* Work request
What is needed is an exact repeat of the lines from the one holding "Segrijnslak op klimhortensia" through the final line of the data, with no pictures.

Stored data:

.....

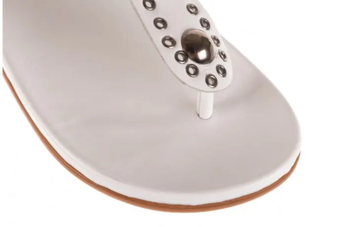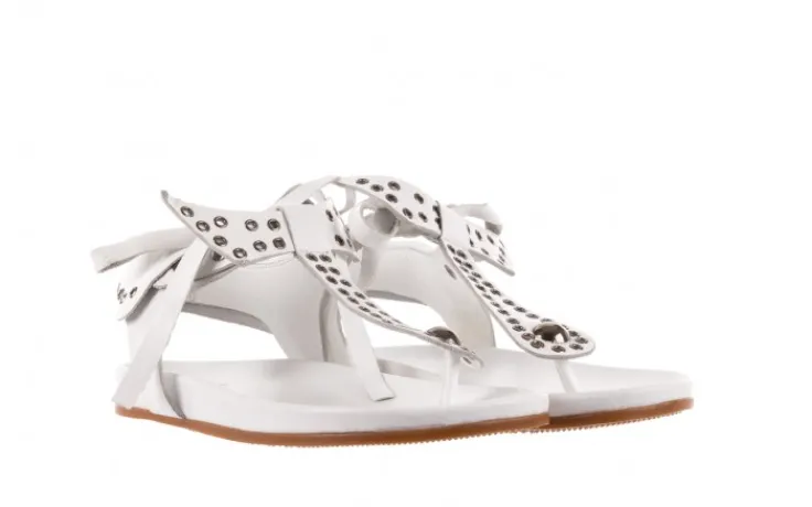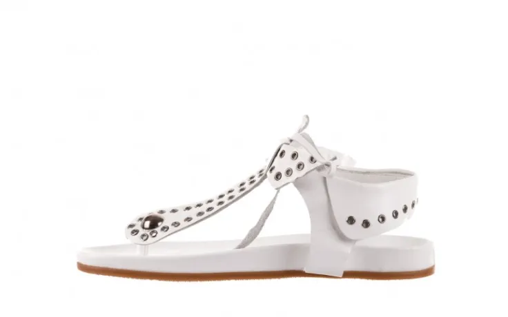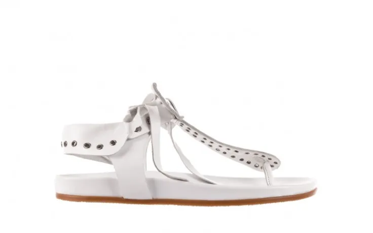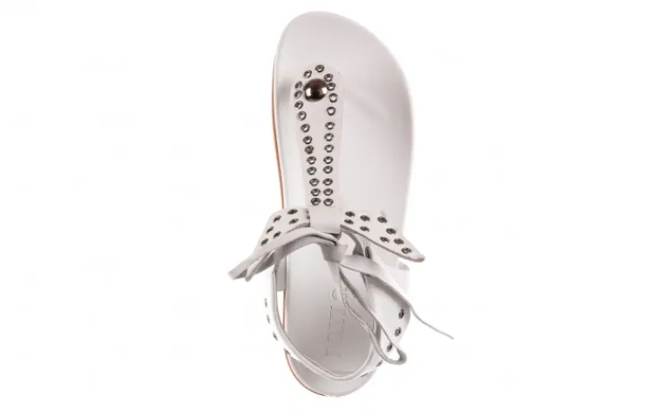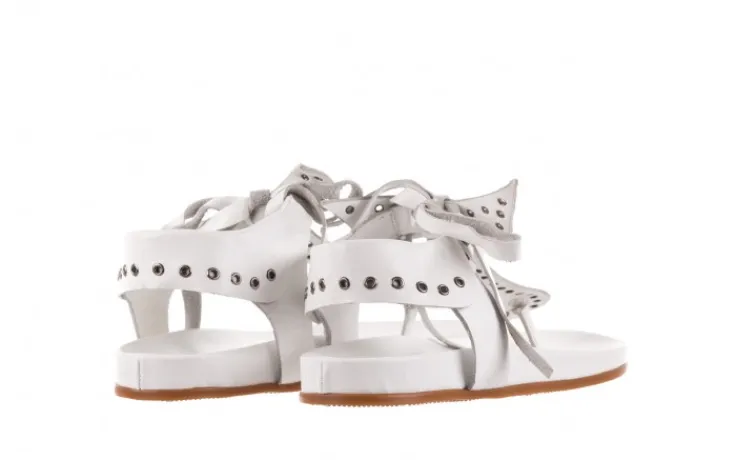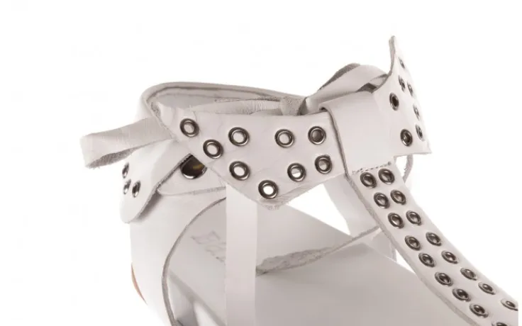Sandałki-japonki marki Bayla wykonane z naturalnej licowej skóry w kolorze białym. Buty z przodu ozdobione kokardą ze skórzanych pasków, ozdobionych metalowymi dziurkami. Zapinane z boku na dwa zatrzaski. Przy kokardzie znajdują się dwa skórzane sznurki, które można zawiązać wokół kostki.
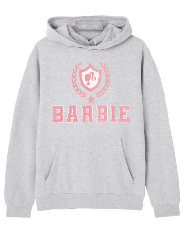 Elevate your Barbie style with our Barbie Collegiate Logo Women's Grey Marl Hoodie
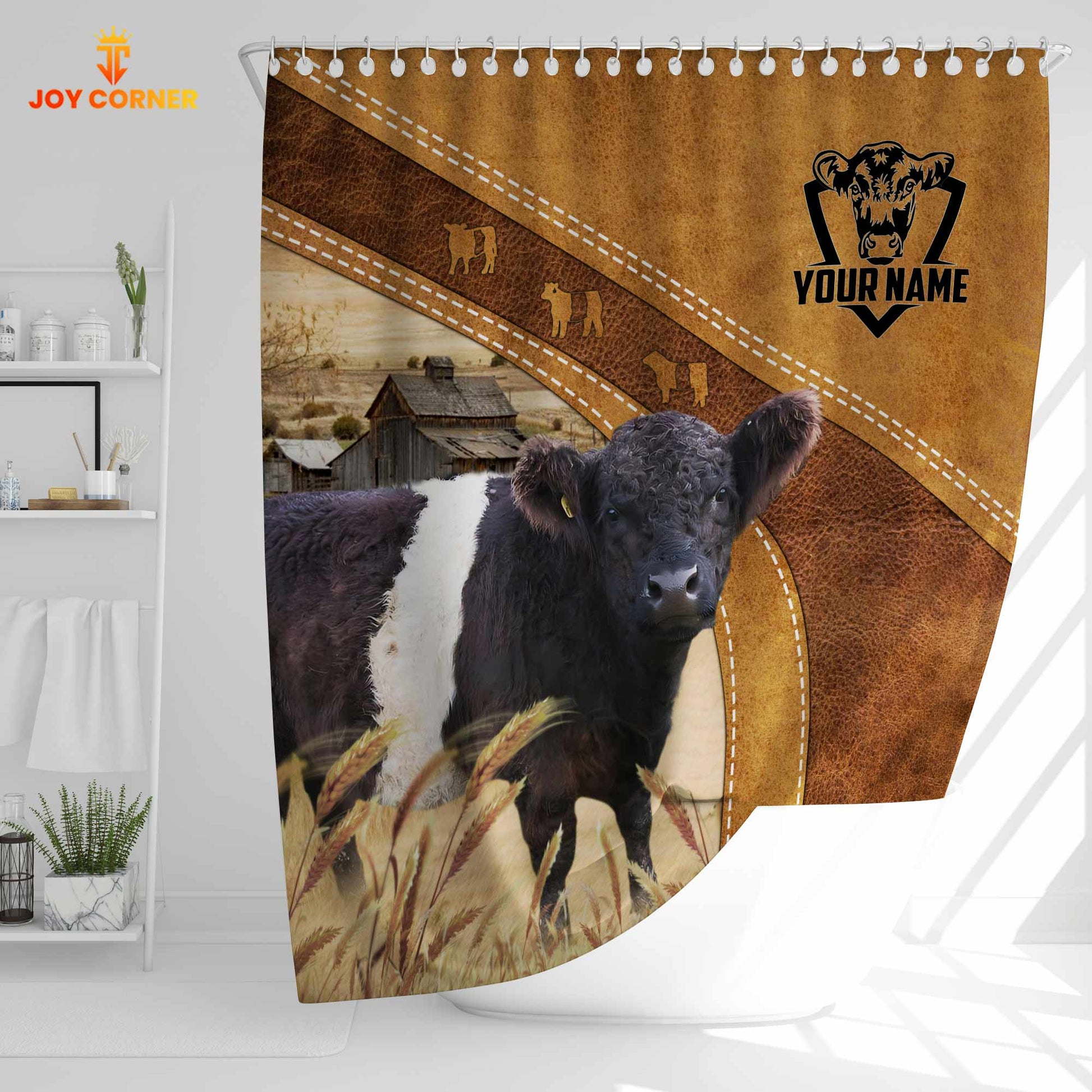 Joycorners Custom Name Belted Galloway Pattern Shower Curtain
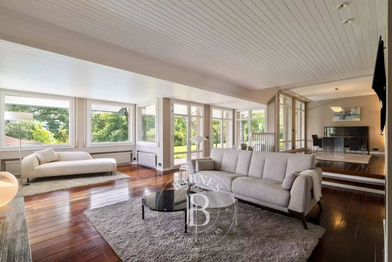 A stunning one-floor house, situated in the exclusive residential area of Jaitzubia, a prestigious neighbourhood known for its picturesque location and proximity to the golf course. The property of 270m2 offers a seamless blend of classic colonial-influenced architecture and modern features. Recently subjected to a full reconstruction, this home boasts impeccable design and meticulous attention to detail. Upon entering, a vast living area with an open space plan, seamlessly flowing from the living room to the dining area. This expansive space is flooded with natural light, courtesy of large windows that provide breathtaking views of the surrounding greenery. The house features three bedrooms, ensuring ample space for family and guests. Two ensuite bedrooms, one of which featuring its own office and a screened porch. The fully equipped kitchen, complete with top-of-the-line appliances, a generous amount of storage space and a central island created a functional space. The extensive outdoor area with a pool creates a serene and peaceful atmosphere. The residential area of Jaiztubia offers a harmonious blend of natural beauty and luxury. It is an attractive destination for golf enthusiasts and individuals looking for a peaceful and upscale residential community. The property is situated close to the nearby towns of Hondarribia and San Sebastian, as well as to the French Basque Country.
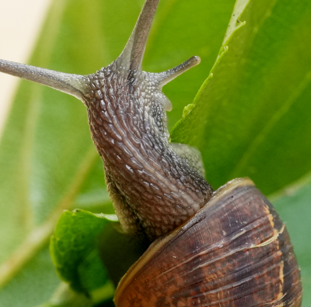 Segrijnslak op klimhortensia (SONY A6700 +macro) |
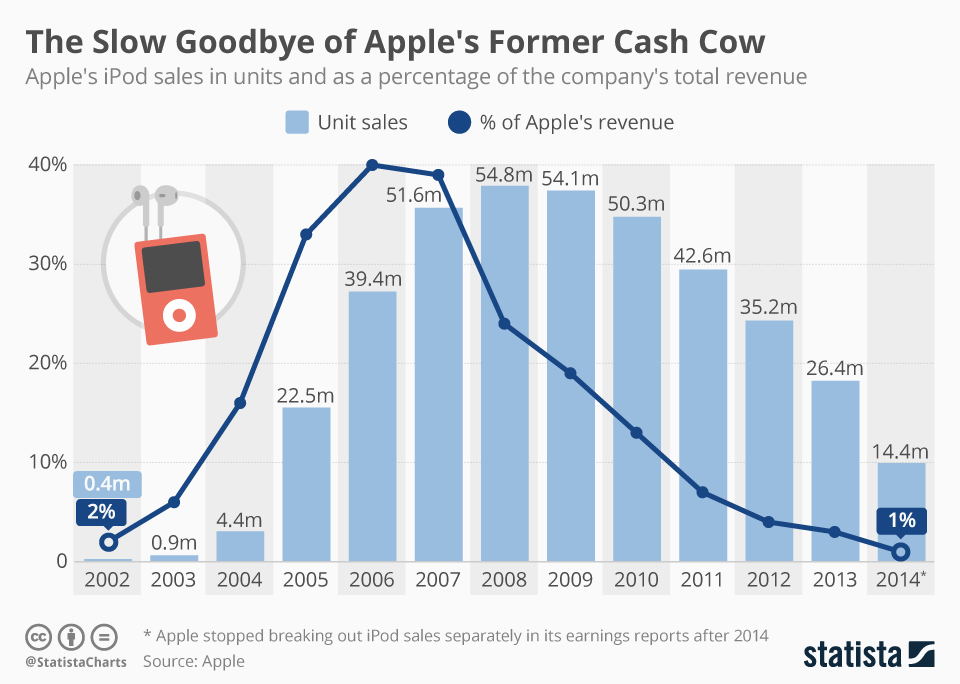 与相机类似发展曲线的还有便携式音乐播放器,也就是大家常说的MP3,21世纪初,在互联网的驱动下,iPod这类数字播放器快速取代了以往的随声听,成为普罗大众的选择,青年男女无不以一款揣在口袋里的MP3为傲。

.....

* Result of this exercise
 Segrijnslak op klimhortensia (SONY A6700 +macro) |
 与相机类似发展曲线的还有便携式音乐播放器,也就是大家常说的MP3,21世纪初,在互联网的驱动下,iPod这类数字播放器快速取代了以往的随声听,成为普罗大众的选择,青年男女无不以一款揣在口袋里的MP3为傲。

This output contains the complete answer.